李芸更是激动得说不出话,等进入城门后,三人感觉眼睛都不够用了,看什么都觉得新鲜。
府城确实和县城不一样,道路更宽敞,人流更多,房屋也高了不少。
李钰也打量着这座古城,确实古色古香,繁华程度不是望川县能比的,不过作为穿越者,眼前的景象固然新奇,但也不足以让他失态。
柳夫子眼神有些复杂,十五年前,他风华正茂,意气风发,小三元的名头让他成为那时候最闪耀的秀才。

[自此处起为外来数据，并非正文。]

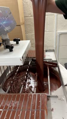 The chocolate in there was salted Virunga from the Congo. It’s used for batons in pain au chocolat and one of their standing orders for bakeries. In order to get an even amount into the moulds we attached a device, which looked like a shower head. I had a go as well, which was fun!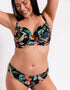 The Curvy Kate Cuba Libre classic bikini brief offers medium coverage with a lower waist, perfect for getting your tan on in any sunny destination. A bold tropical print on black can mix and match effortlessly with the rest of the range, or add a pop of colour when paired with a plain black swim top. Contains recycled fibres and Xtra Life Lycra to prolong the life of the garment.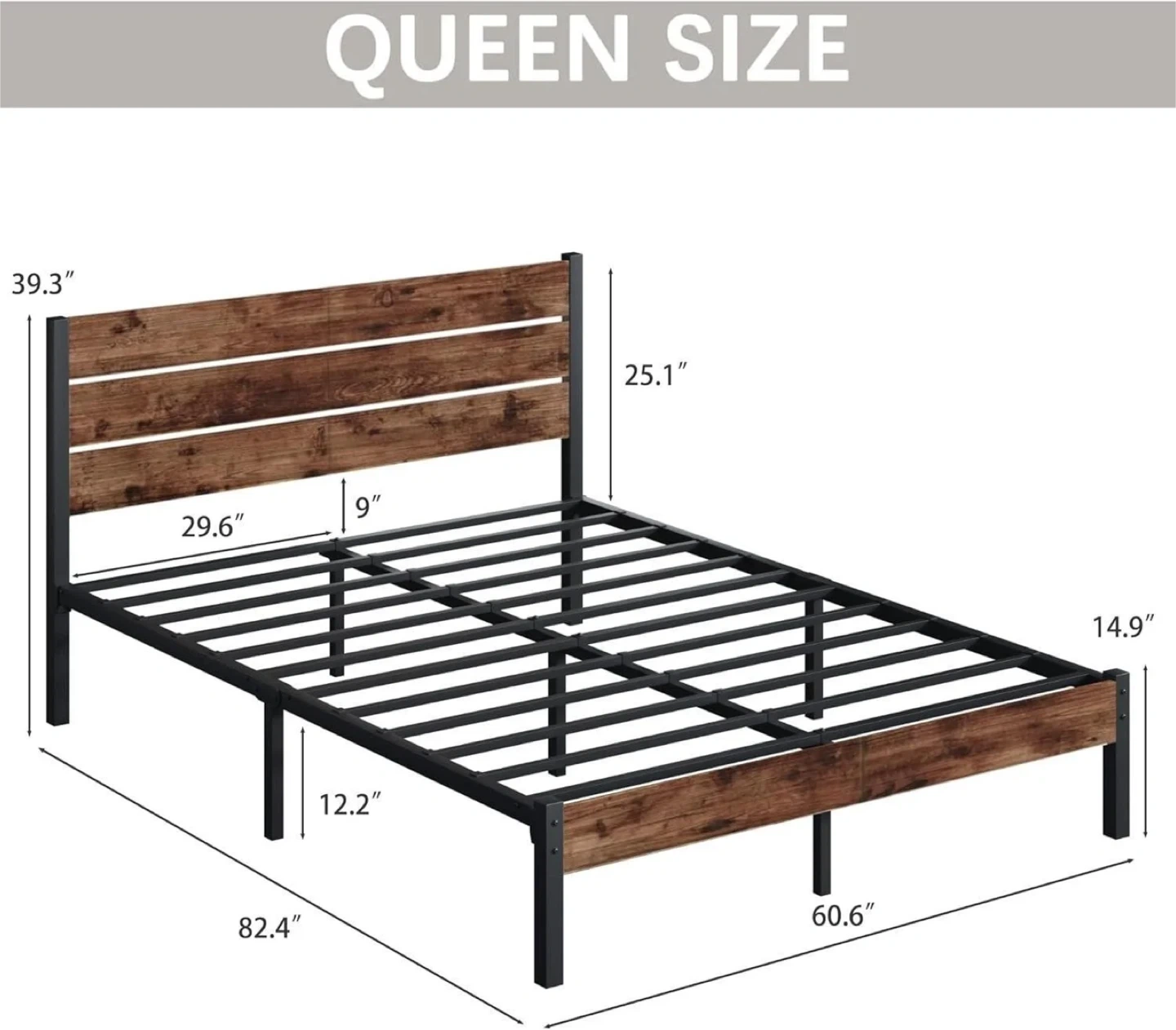 Queen size bed frame with a rustic wood headboard and metal frame. Slatted design provides mattress support. Easy assembly required.

随后中举更是让他的人生达到了巅峰,只是,当年那个鲜衣怒马的少年举人,已成了跛足沧桑的落魄夫子。
青云路断,功名梦碎。
这座城,承载过他最耀眼的荣光,也见证了他最彻底的坠落。物是人非,个中滋味,唯有自知。
柳夫子收起情绪,带着几人前往客栈。
府城的客栈几乎都已经住满,县试刚过去,各县要参加府试的士子皆都聚集到了顺庆府。
除了今年中了县试的数百士子外,还有往年中了县试的士子也会来参加。
只要过了县试,就可以每年都来参加府试,不需要再重新考县试。
因此实际参加府试的学子达到了将近千人。
李钰其实可以告知方清,让他帮忙安排住宿,但他不想什么都麻烦方清,因此没说,两位护院在县试结束后,柳夫子也让他们回去了。
当问了客栈的价格后,几人都不由倒吸一口凉气。
望川县的客栈住一晚最高不过五十文,而这里住一晚居然达到了三百文,简直贵得离谱。
掌柜笑呵呵地开口“嫌贵?你们可以去别的客栈看看,不瞒诸位,现在所有客栈都是这个价。”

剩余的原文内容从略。